Hari itu, Har dan Uni Nun sedang duduk di bawah pohon. Di hadapannya terpapar sebuah gunung menjulang tinggi. Dirasakannya tiupan angin oleh gunung itu. Berembus semilir, sejuk. Mengingatkan akan sebuah ceritanya di masa lampau.
(Hening)
Uni Nun : Har, kini kau pasti bahagia. (Menatap hampa pada langit)
Har : Maksudmu, Nun? (tertegun)
Uni Nun : Ya, sekarang kau sudah punya istri dan anak. Tentunya kau pasti bahagia.
Har : (terdiam)
Uni Nun : Aku sendiri masih bertanya. (sejenak menatap Har kemudian menatap langit).
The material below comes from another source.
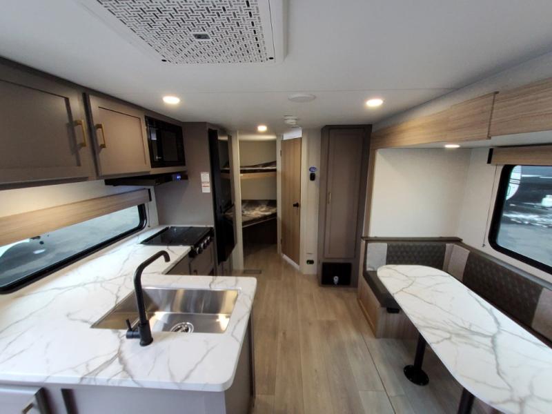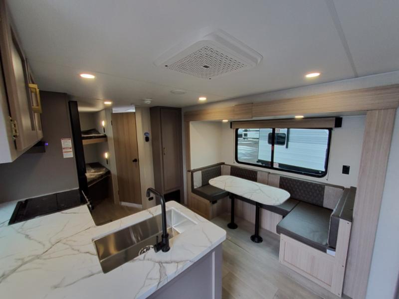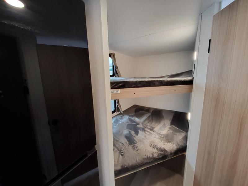 This bunkhouse model is perfect for your whole crew! Your guests or little ones will love the double-size bunks, while you take the queen bed in the front private bedroom. The large slide out will create an open living area, and here you'll find the 80" U-shaped dinette where you can dine, play games, and let guests sleep over. And don't overlook the full bath right next to the bunks for easy nighttime use. There is plenty of storage space in this model, including a pantry in the kitchen, dual wardrobes in the bedroom, an exterior pass-through storage, and even an exterior trunk door under the bunks to easily fit in all your gear!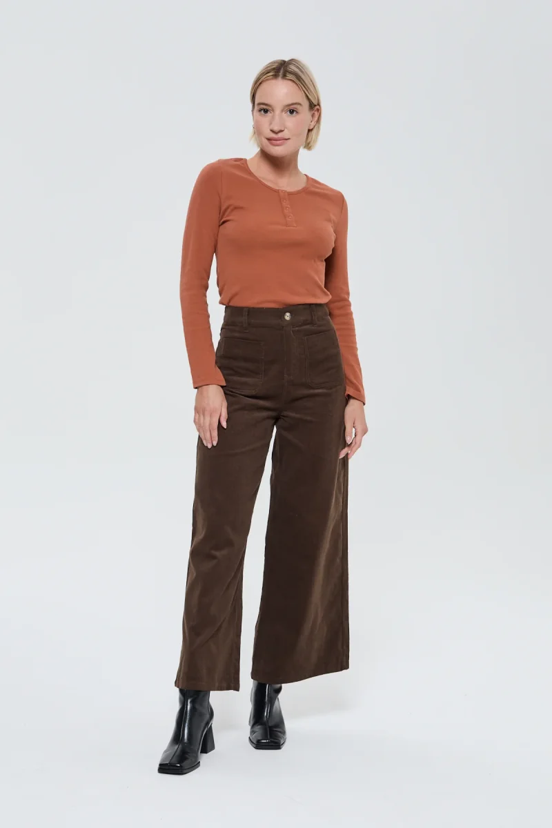 Sa matière 100% coton assure respirabilité et confort tout au long de la journée. Le marron profond réchauffe la silhouette et donne du caractère à vos tenues.

Kebahagiaan yang dimiliki setiap orang itu berbeda. Orang-orang di luar sana hanya tahu tawa-tiwinya saja. Namun di dalam hatinya adakah yang tahu cerita-cerita yang tenggelam dalam luka?
Har : (masih terdiam)
Uni Nun : Tak terasa sudah lima tahun. Ya, lima tahun menikah dan memiliki anak. (dengan tertawa masam). Dan kau cinta pada istrimu, tentu (menatap wajah Har).
Har : Ya, dan kini anakku sudah dua. (membuang tatapan Uni Nun)
Uni Nun : Dan kau sangat menyayangi mereka begitupun sebaliknya. Dan kau tentu bahagia. (mengalihkan tatapannya)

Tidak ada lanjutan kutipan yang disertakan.